An interesting comment on the last post came back to a topic which I seem to be asked, or ask myself, more and more often. If social media increasingly leads to closed groups, and tomorrow’s media consumers are increasingly avoiding the mass media, what will happen to mass-participation media events, and don’t we as a culture lose something if we lose common points of reference. What on earth will we talk about around the water cooler?
In particular, I’ve heard this as a strong initial response to Clay Shirky, who argues here that however ‘sad’ it is to play World of Warcraft, it’s a better use of the ‘cognitive surplus’ than watching a re-run of Gilligan’s Island for the 100th time. (Incidentally, what was the cognitive heatsink that we had as kids in the UK? Clearly Neighbours later on but before that? Rocketman?).
Of course, this is not a new idea. I remember years ago, a planner explained to me why you couldn’t advertise cars with direct mail – it wasn’t enough for me to know how cool my new Audi is, I need to be certain all my neighbors knew too.
Perhaps the point about ‘mass-participation media events’ isn’t that their power is diminishing (witness Apprentice this year), but rather that they are fewer and more extraordinary.
There also seems to be a point now that whole social groups can have ‘mass-participation’ events which they all know about but which are entirely closed to those outside of the group: that wierd feeling you get when everyone in a room’s been reading the same status’ and knows each others business without having ever discussed it.
It remains worth remembering a serious challenge that has been raised by commentators including Esther Dyson and Andrew Orlowski, about how these groups aren’t necessarily healthy, challenging or participatory. Often preferring to define very strict group rules and mores.
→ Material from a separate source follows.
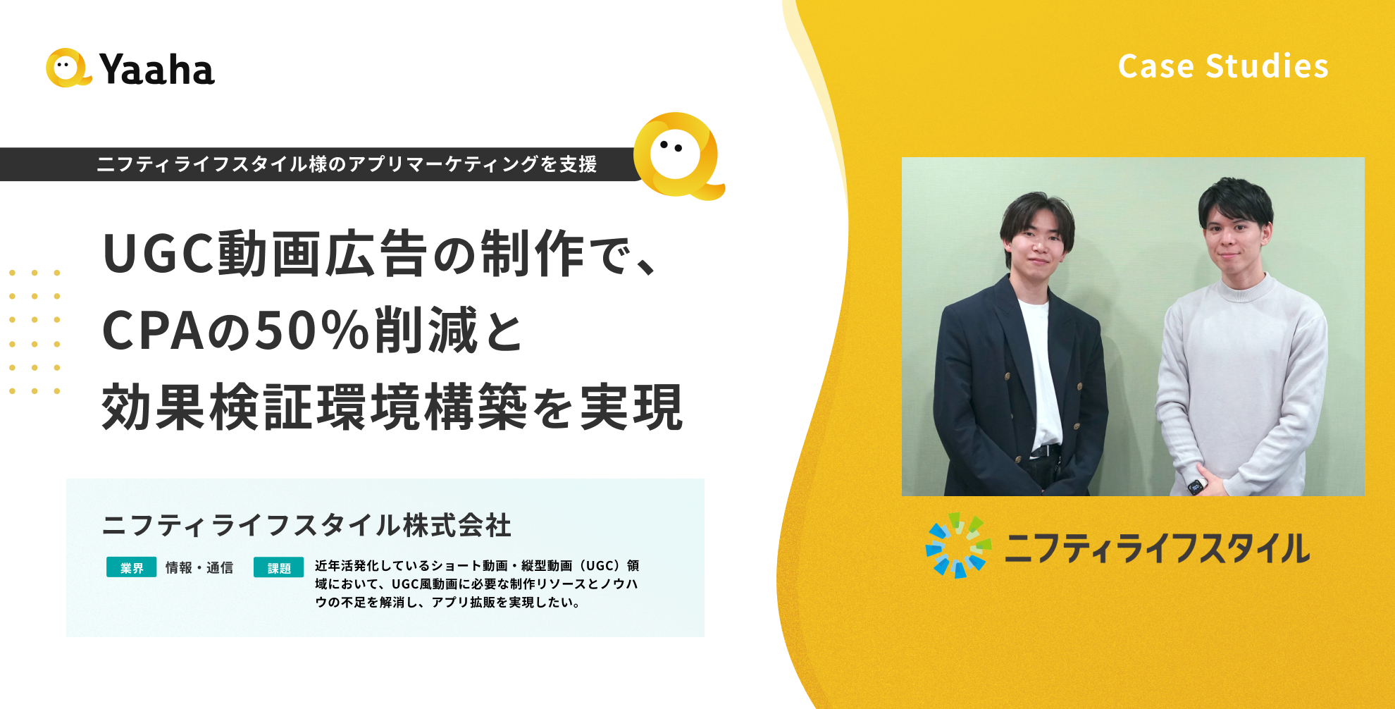ショート動画領域におけるリソースとノウハウの不足を、Yaahaの運用支援が解消。獲得効率の最適化と運用体制の強化を同時に実現しました。

The final point, of course, is just what we mean by participation. By 2012, when the Olympic games is going on in London, what will the experience of watching it be like? If you’ve seen what NBC has planned for Beijing, the mind boggles about what it will be like in 4 1/2 years (three times the gestation period for a standard YouTube) but most certainly there will be opportunities to observe almost everything about the event, to turn the event into a private mass media event for your network, to ‘virtually’ compete and to compile, annotate and share your own coverage.
With apologies for shoplifting to Hugh MacLeod, mass participation media events have always – of course -been social objects. So in the era of mass media, it’s not a surprise the objects themselves tended to have the same traits. Whilst we may still have global events to built frameworks around, surely local (and group) interpretation and meaning can be added to createsocial object which can be more intimately shared.
The reason, it seems to me, that nobody understands microblogging unless they do it themselves, is that they don’t understand how small social objects can be.
And, to revisit the negativity of small disconnected groups (and ever-decreasing differences of opinion in those groups), technology can take these objects and make them available to huge audiences. Anyone can write a blog, anyone can produce a LOLcat (as Shirky jokes), and by 2012, everyone will be able to participate in our global media event.
It is this access to open social objects which is at the heart of participation in all cases. It’s what got all the bloggers I know addicted, it’s what makes teenagers turn the telly off and Facebook on, and it’s what makes Amelia’s wired retired fall in love with Skype, so they can share the smallest of social objects – not just their grandchildren’s first words or their first tooth, but their everyday stories about the day at school.
And do I really need to know how many people watched The Apprentice altogether if I know that my family, friends and colleagues watched it. Isn’t that enough?